We thank Dr. Ken Ahlstrom, Steve Rackliffe, John Tanner, and Dr. Steven Alm for technical and editorial guidance. We are also grateful to Nathan Lafontaine and Angela Robison for assisting in the survey, as well as Lars Chirrichitti for participation with the Bartlett Arboretum. We thank the Connecticut Association of Golf Course Superintendents and all the golf courses that participated in this study. These include Longshore Golf Course, Hunter Memorial Park, Farms Country Club, Black Hall Country Club, Norwich Golf Course, Tunxis Plantation, Indian Hill Country Club, Torrington Country Club, Crestbrook Park Golf Course, Indian Springs Country Club, Skungamaug Golf Course, and Willimantic Country Club. This project was funded by the Connecticut Cooperative Extension System.

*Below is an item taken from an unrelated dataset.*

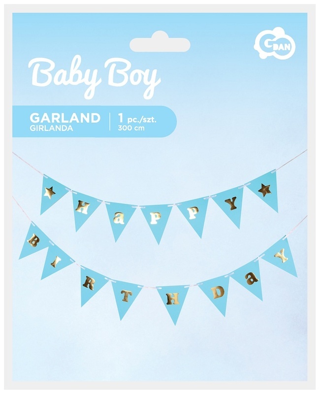 Girlanda papierowa B&G Happy Birthday - Baby Boy, jasnoniebieska, 300 cm, DIY, wys. flagi 17 cm, GoDan

This study determined the distribution and seasonal timing of Tiphia vernalis (Rohwer) (Hymenoptera, Tiphiidae) in Connecticut. Tiphia vernalis, an imported parasitoid of the Japanese beetle, was considered rare in the state before this study. The survey results indicated that T. vernalis is present in every county of the state including Tolland and Litchfield counties, where the wasps were not originally released. The widespread existence of the species in the state is significant because it aids in the control of the Japanese beetle, a serious pest of turf and landscape plantings.